Exercise description:
Copy out each line of the data that holds the string "sobre".

(Recorded data)
----

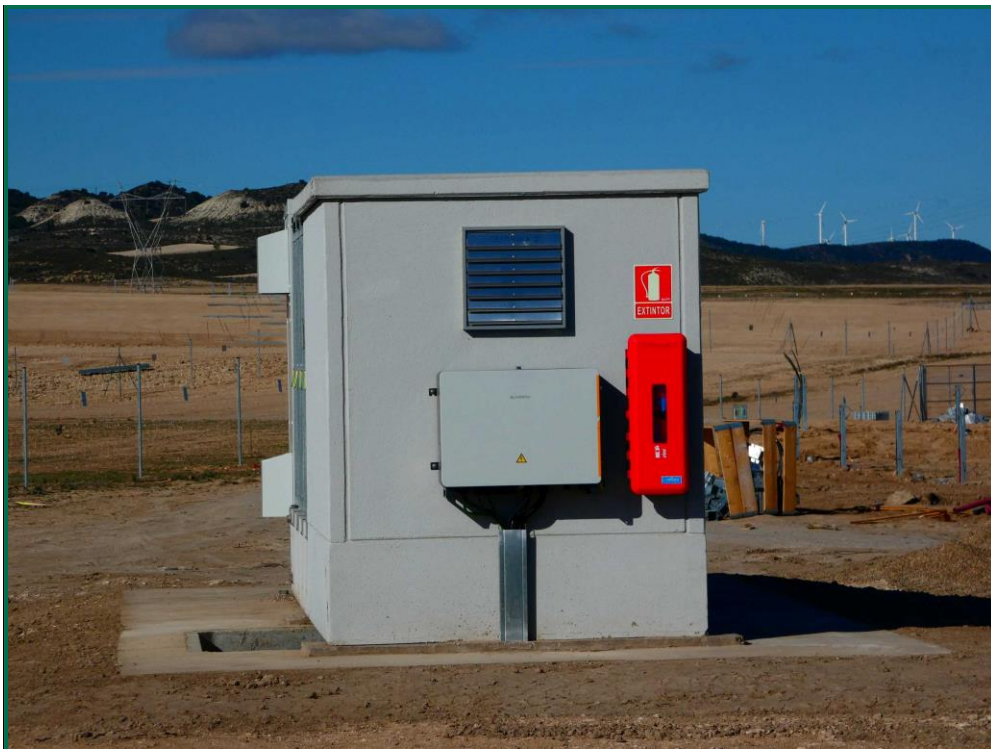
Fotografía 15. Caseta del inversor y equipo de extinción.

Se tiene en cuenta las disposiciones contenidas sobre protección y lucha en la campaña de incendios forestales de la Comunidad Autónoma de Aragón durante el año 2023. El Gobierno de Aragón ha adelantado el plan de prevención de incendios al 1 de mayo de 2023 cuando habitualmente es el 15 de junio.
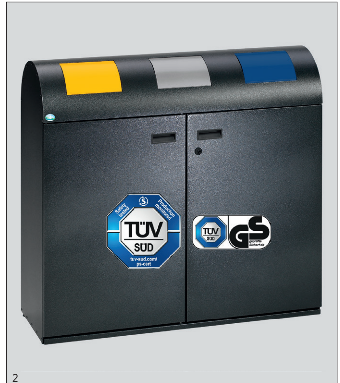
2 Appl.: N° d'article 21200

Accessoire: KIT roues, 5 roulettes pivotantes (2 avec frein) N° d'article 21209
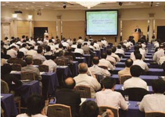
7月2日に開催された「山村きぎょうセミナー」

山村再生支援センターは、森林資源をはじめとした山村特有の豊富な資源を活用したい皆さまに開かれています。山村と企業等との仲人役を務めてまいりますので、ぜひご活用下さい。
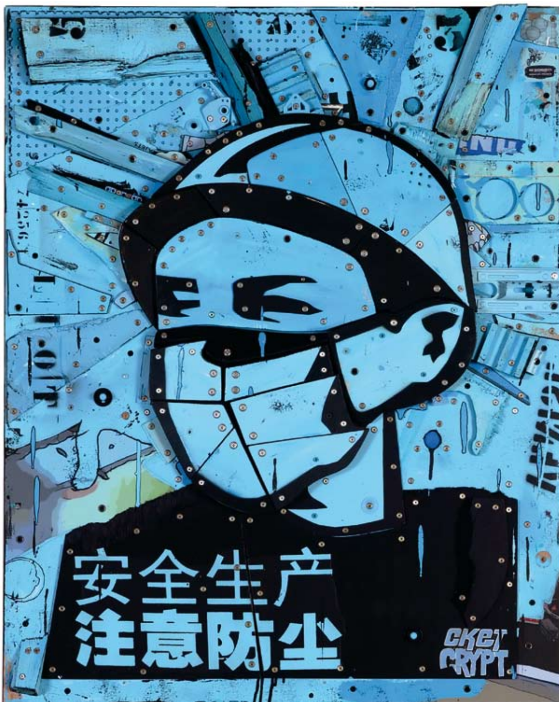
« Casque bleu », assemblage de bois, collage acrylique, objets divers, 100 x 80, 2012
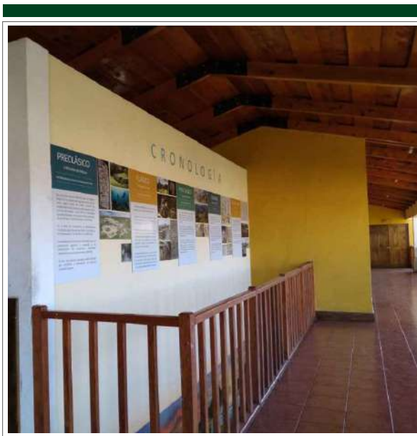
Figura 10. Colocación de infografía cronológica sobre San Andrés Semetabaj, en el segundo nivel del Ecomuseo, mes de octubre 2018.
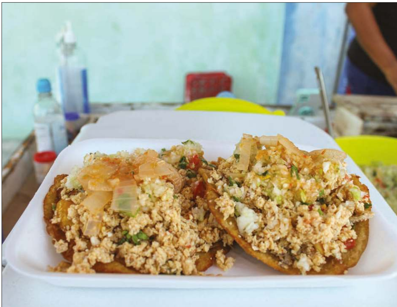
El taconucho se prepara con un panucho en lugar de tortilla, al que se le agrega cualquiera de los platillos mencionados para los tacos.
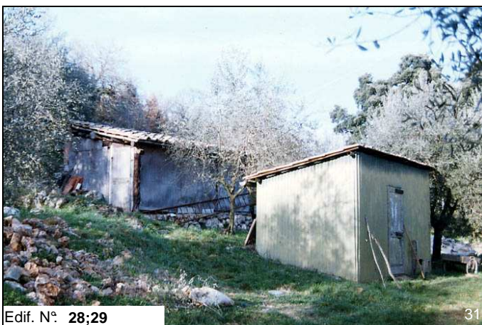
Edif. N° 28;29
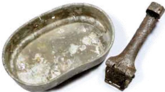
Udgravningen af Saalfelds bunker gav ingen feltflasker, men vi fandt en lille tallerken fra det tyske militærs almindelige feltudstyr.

----

Response for this exercise:
Se tiene en cuenta las disposiciones contenidas sobre protección y lucha en la campaña de incendios forestales de la Comunidad Autónoma de Aragón durante el año 2023. El Gobierno de Aragón ha adelantado el plan de prevención de incendios al 1 de mayo de 2023 cuando habitualmente es el 15 de junio.
Figura 10. Colocación de infografía cronológica sobre San Andrés Semetabaj, en el segundo nivel del Ecomuseo, mes de octubre 2018.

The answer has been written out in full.